Each triangles are drawn on the different positions.
The result are as below.
(Corei9-9900KF  GeForce RTX2080  64G sytem mem)

Single thread 16,000 draw calls per frame. 
DX11 569 fps    DX12 955 fps    DX12(using bundle) 1341 fps

Multi threads(16 threads, each thread draws 1,000)  16,000 draw calls per frame. 
DX11 1056 fps    DX12 1440 fps    DX12(using bundle) 1456 fps 

136% to 235% faster. It can be said it's WAY faster. I'm so happy. 

 

BUT, I did a different type of performance test yesterday which is also very simple test. It's drawing 1 mesh per frame. The mesh is consist of a vast number of triangles.   

Please look at the result below.

Drawing only 1 mesh per frame. (The mesh has 44.458 vertices and 88,512 triangles)
DX11 9,921 fps    DX12 5,487 fps

Drawing only 1 mesh per frame. (The mesh has 77.402 vertices and 354,048 triangles)
DX11 6,451 fps    DX12 4,425 fps

Drawing only 1 mesh per frame. (The mesh has 708,896 vertices and 1,416,192 triangles)
DX11 2,238 fps    DX12 2,001 fps

89% to 55%(55% !) slower than DX11. I'm not happy.

I believe somebody have seen this kind of result, because such a simple code.

Of course my coding might be bad and it causes this result.

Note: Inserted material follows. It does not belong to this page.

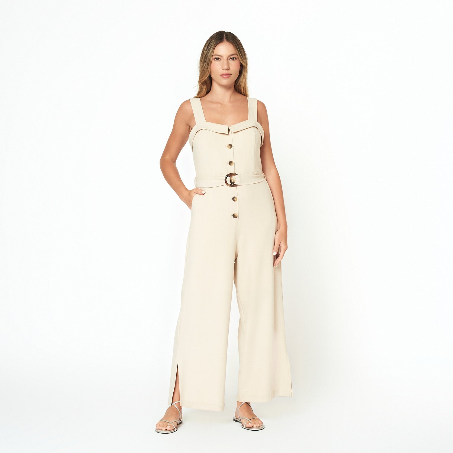 El Enterizo Camila en arena es elegante y fresco. Su tono neutro lo convierte en una pieza versátil que aporta sofisticación y estilo sin esfuerzo.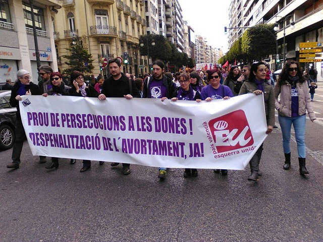 La manifestació que va transcórrer pels carrers de València en un ambient pacífic i festiu, on totes i tots reclamaven consignes en favor de la no discriminació per raó de sexe i orientació sexual, de l’educació i coeducació en drets i valors com la igualtat, en el dret a decidir sobre la maternitat, en rebuig de la criminalitazació que pateixen les dones que exerceixen la prostitució, de la discriminació de les dones amb diversitat funcional física, psíquica o sensorial, i exigència del dret de les dones a una vida lliure de violències masclistes en cap dels seus àmbits i formes.

But such a simple test I believe I didn't so bad. 
Vertex buffer and index buffer are both in the HEAP_DEFAULT, only constant buffer is in the HEAP_UPLOAD since it is changed per frame.
Barriers and fences are minimum. Just 1 fence per frame.
I think I can be so bad.

 

My question is, is it world common that DX12 is slower than DX11 in such a scenario(drawing 1 very big mesh)?

I hesitate put my code in here because my code is fully commented in JAPANESE and I don't want to bother this forum. 

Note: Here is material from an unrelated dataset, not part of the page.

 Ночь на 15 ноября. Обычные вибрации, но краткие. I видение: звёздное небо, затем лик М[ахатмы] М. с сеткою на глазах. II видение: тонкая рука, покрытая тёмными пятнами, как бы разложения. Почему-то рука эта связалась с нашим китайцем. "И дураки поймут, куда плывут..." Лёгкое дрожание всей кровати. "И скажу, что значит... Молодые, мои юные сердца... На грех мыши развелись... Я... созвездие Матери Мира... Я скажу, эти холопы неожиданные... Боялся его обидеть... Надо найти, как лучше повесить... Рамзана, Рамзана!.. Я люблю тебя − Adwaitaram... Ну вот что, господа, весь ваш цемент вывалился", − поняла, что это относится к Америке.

If Japanese commented code is fine, I would happily put my code here. 

I'm looking forward to your reply, hoping my code is the cause.

Thanks.

Edited by Shigeo.K

Share this post


Link to post
Share on other sites
Advertisement

I'm not an expert on this but I don't think it's such a huge secret. I remember reading that DX11 was faster under certain conditions. One *claim* was that DX11 drivers have been around for much longer and therefore are more highly optimized.  If you're getting frame rates in the thousands, I'm not sure I'd worry about it however. I'm guessing this is some early rev of your code with simple shaders, right?  If it gets to the point it's actually an issue for users, I'd probably worry about it more.

Share this post


Link to post
Share on other sites

These sorts of numbers are almost always caused by a general misunderstanding of the intentional differences between Dx11 and Dx12.  There is a typical case where these sorts of things show up in simple (and generally invalid as folks have mentioned) performance measurements such as this.  (Please note this is a generalization and the specific case may not be valid for each driver, it was just a common issue when I was testing things.)  The common issue is that Dx11 validates each state change and will ignore duplicate attempts to change state.  Given such a trivial test case, this means Dx11 is going to be ignoring pretty much everything except perhaps a transform change every frame.  Dx12 will set all the states even if they cause no actual changes, so yes it is slower in such a case.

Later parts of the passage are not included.